The 2025 State of Containers and Serverless report found that 64% of organizations use the Kubernetes Horizontal Pod Autoscaler (HPA) to manage Kubernetes workload capacity. But only 20% of those deployments scale on custom metrics. The other four-fifths of organizations rely on resource metrics—CPU and memory utilized by their pods—to trigger autoscaling activity.

Resource metrics provide a low-friction way of configuring autoscaling, but they’re not always the most effective scaling signals. Many workloads are constrained by queue backlog, concurrency limits, or tail latency rather than raw CPU consumption. For these services, resource metrics don’t reflect demand accurately enough, and scaling on them can mean scaling too late.

In this post, we’ll identify workload patterns that scale more effectively based on Kubernetes custom metrics instead of resource metrics, and look at how teams currently implement custom metric scaling.
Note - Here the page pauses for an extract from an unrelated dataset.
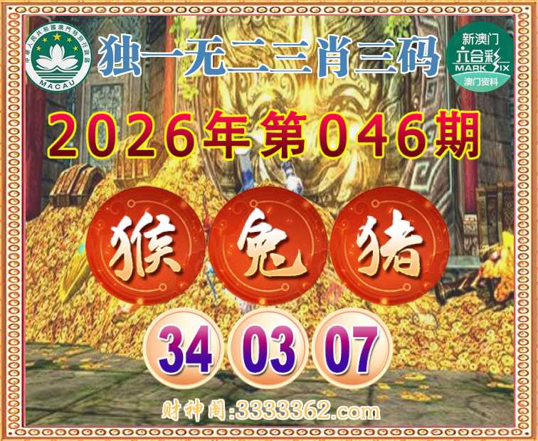 046期:《独一无二》 🥧三肖三码🥧【猴猪】【34.03.07】开:兔03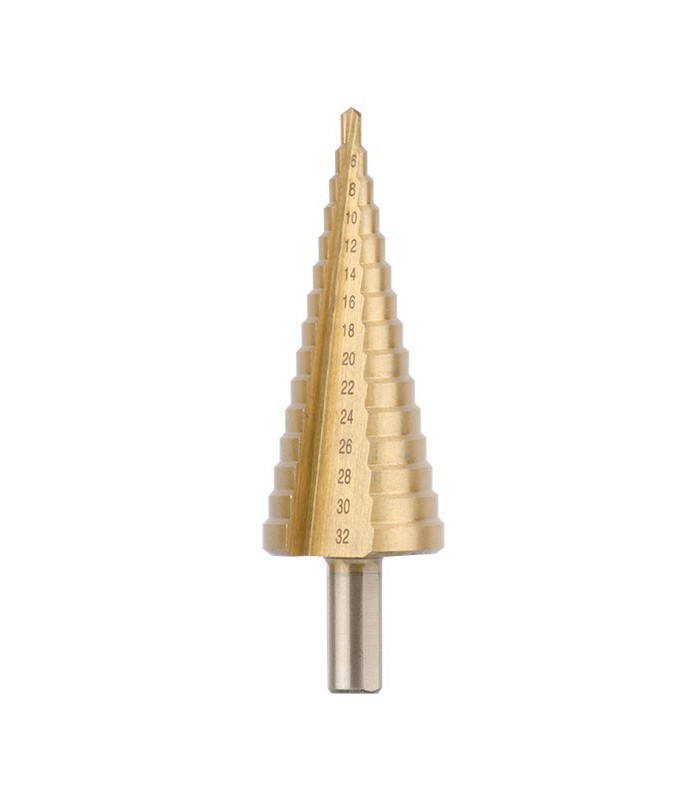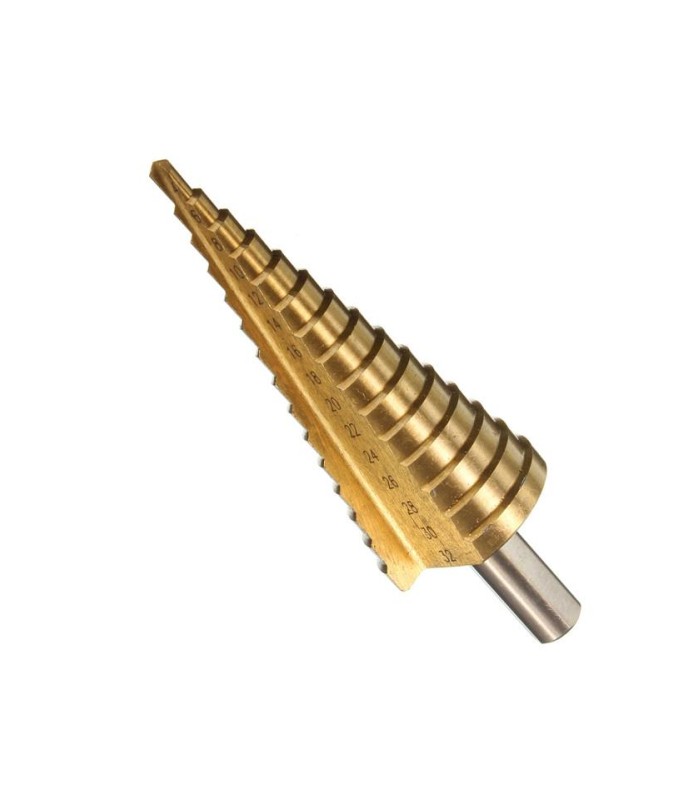 Сверло имеет коническую форму, с увеличивающимся диаметром на 2 мм за шаг. Режущие кромки из HSS стали, эффективно справляются со своей работой и долго остаются острыми. При необходимости сверло можно заточить.

We’ll also show you how Datadog Kubernetes Autoscaling (DKA) lets you trigger scaling based on application metrics to help ensure high performance, manage cloud costs, and simplify cluster management.

When standard CPU and memory resource metrics fall short

CPU and memory utilization are lagging indicators of upstream demand, making them an ineffective proxy for the work a service does. Although resource metrics measure consumption in real time, that reflects work that has already entered the system, not the volume of demand as it arrives.